··· Input records

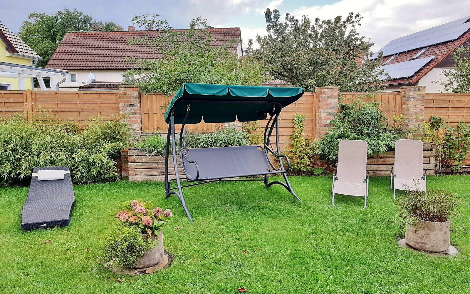 Im großen Ferienhaus (55 m²) finden bis zu 4 Personen Platz und ist im Erdgeschoss barrierefrei begehbar. Das Haus besitzt einen Wohnbereich mit integrierter Küchenzeile, einem großen modernen Badezimmer mit Dusche sowie 2 Schlafräumen im Obergeschoss. Jede Ferienwohnung verfügt über eine eigene Terrasse mit Sitzmöglichkeiten. Pkw- und Fahrradstellplätze sind für Gäste vorhanden.
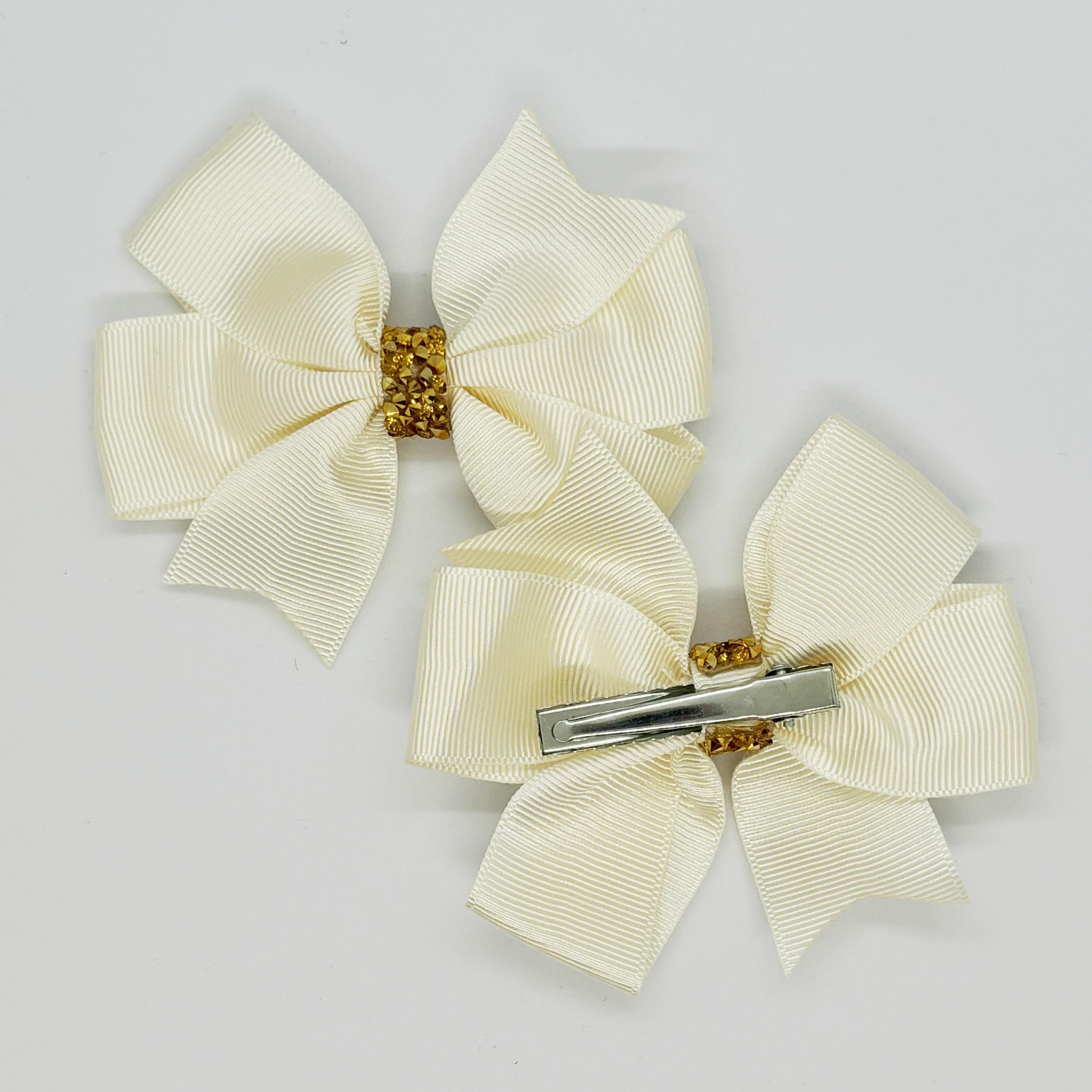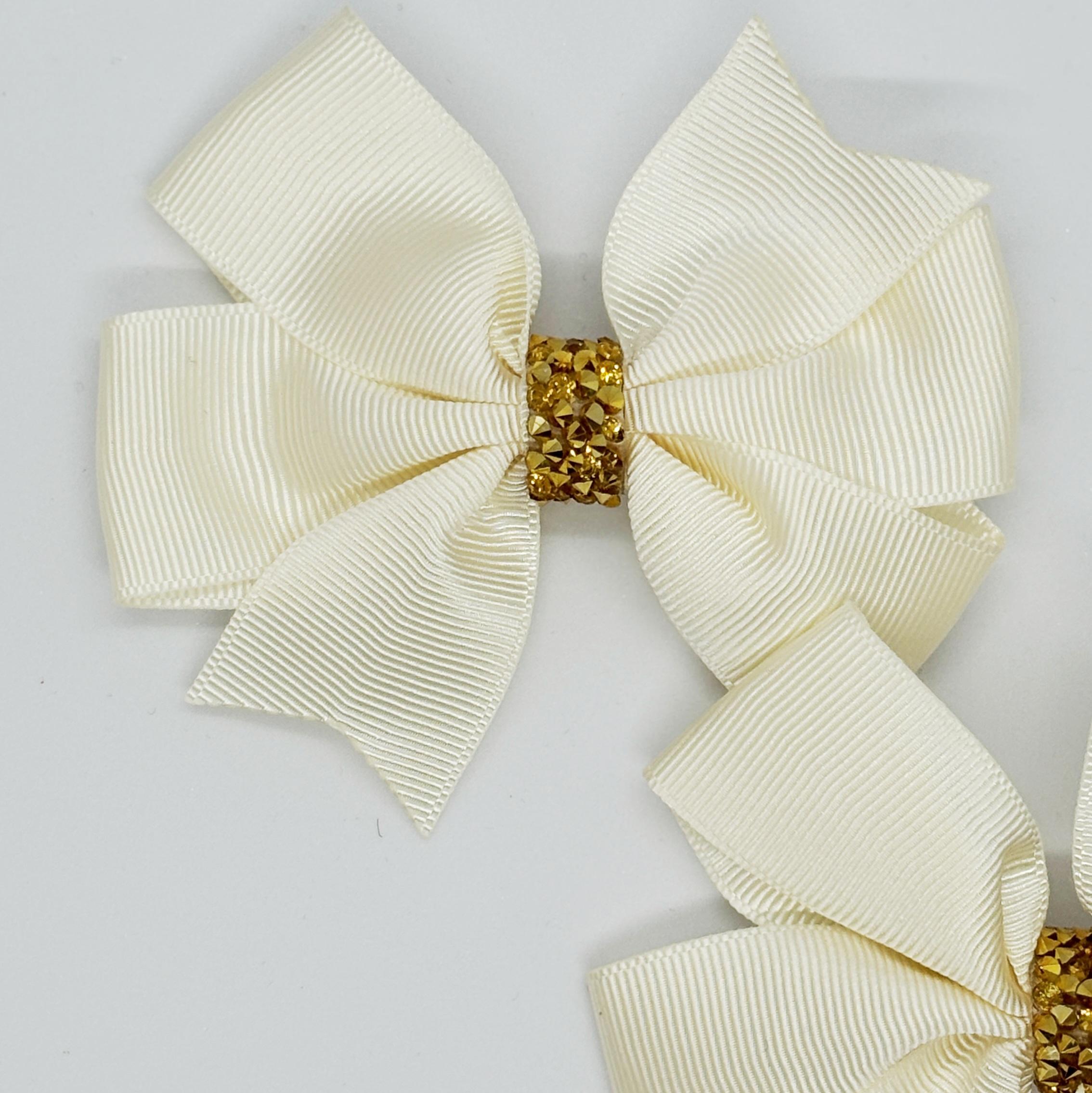 Krem Gold Taş Detaylı Klipsli Saten Kurdele Bebek ve Çocuk Tokası - 2 Adet
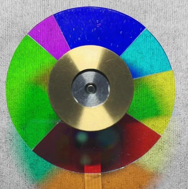 ACER’s DLP timing on the H7350 is specifically calibrated for the RGMBCY color wheel sequence (Red, Green, Magenta, Blue, Cyan, Yellow). This unique arrangement, which includes a magenta segment alongside cyan and yellow, delivers an expanded color gamut with exceptional red‑green‑blue balance and more accurate secondary colors. The 6x rotation speed virtually eliminates the rainbow effect, making this wheel ideal for home theater enthusiasts who are sensitive to color breakup. Using a different wheel (such as RGBRGB or RGBCMY) can cause startup failure, incorrect color decoding, or permanently off‑looking images.
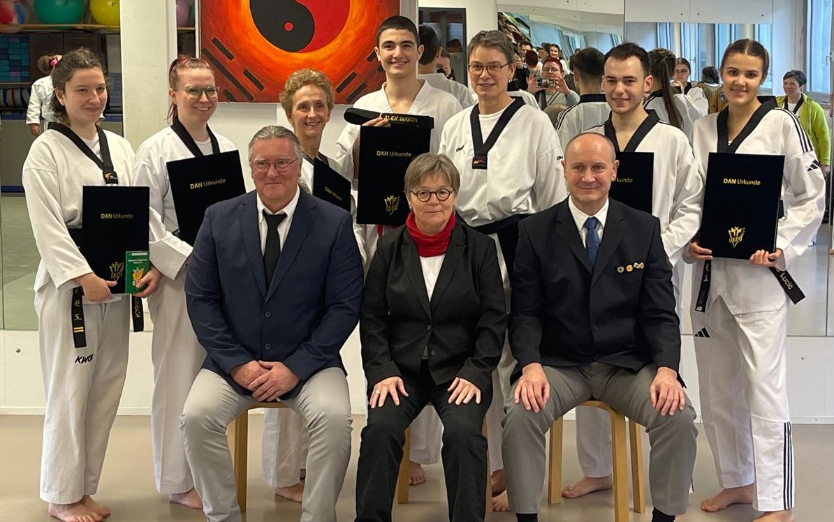 Am Samstag, den 1. Februar 2025, fand in der Kampfsportschule "In Nae" in Karlsruhe eine Vereins-Dan-Prüfung statt, zu der sich Leonarda und Benjamin angemeldet hatten. Da die Partnerübungen mit eigenen Partnern durchgeführt werden müssen, wurde Leonarda von Leticia und Benjamin von Sören unterstützt, ein Dankeschön noch an die beiden. Bei der Prüfung konnten die beiden die Prüfer (Michael Scherer, Thomas Wernet und Regina Speulta) von ihrem Können überzeugen, so dass Sie am Ende ihre Dan-Urkunde ausgehändigt bekommen haben.
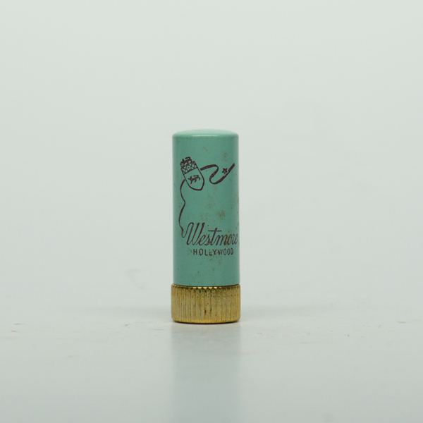 A teal enamel lipstick tube with a tin base. The top features a dark pink House of Westmore logo. The tube can be opened by removing the top from the base. A shade label on the bottom reads, "House of Westmore Inc. / Distributor Hollywood Calif. Made…

······

Task instructions: Output every record verbatim, skipping images.

Exercise result:
 Im großen Ferienhaus (55 m²) finden bis zu 4 Personen Platz und ist im Erdgeschoss barrierefrei begehbar. Das Haus besitzt einen Wohnbereich mit integrierter Küchenzeile, einem großen modernen Badezimmer mit Dusche sowie 2 Schlafräumen im Obergeschoss. Jede Ferienwohnung verfügt über eine eigene Terrasse mit Sitzmöglichkeiten. Pkw- und Fahrradstellplätze sind für Gäste vorhanden.
 Krem Gold Taş Detaylı Klipsli Saten Kurdele Bebek ve Çocuk Tokası - 2 Adet
 ACER’s DLP timing on the H7350 is specifically calibrated for the RGMBCY color wheel sequence (Red, Green, Magenta, Blue, Cyan, Yellow). This unique arrangement, which includes a magenta segment alongside cyan and yellow, delivers an expanded color gamut with exceptional red‑green‑blue balance and more accurate secondary colors. The 6x rotation speed virtually eliminates the rainbow effect, making this wheel ideal for home theater enthusiasts who are sensitive to color breakup. Using a different wheel (such as RGBRGB or RGBCMY) can cause startup failure, incorrect color decoding, or permanently off‑looking images.
 Am Samstag, den 1. Februar 2025, fand in der Kampfsportschule "In Nae" in Karlsruhe eine Vereins-Dan-Prüfung statt, zu der sich Leonarda und Benjamin angemeldet hatten. Da die Partnerübungen mit eigenen Partnern durchgeführt werden müssen, wurde Leonarda von Leticia und Benjamin von Sören unterstützt, ein Dankeschön noch an die beiden. Bei der Prüfung konnten die beiden die Prüfer (Michael Scherer, Thomas Wernet und Regina Speulta) von ihrem Können überzeugen, so dass Sie am Ende ihre Dan-Urkunde ausgehändigt bekommen haben.
 A teal enamel lipstick tube with a tin base. The top features a dark pink House of Westmore logo. The tube can be opened by removing the top from the base. A shade label on the bottom reads, "House of Westmore Inc. / Distributor Hollywood Calif. Made…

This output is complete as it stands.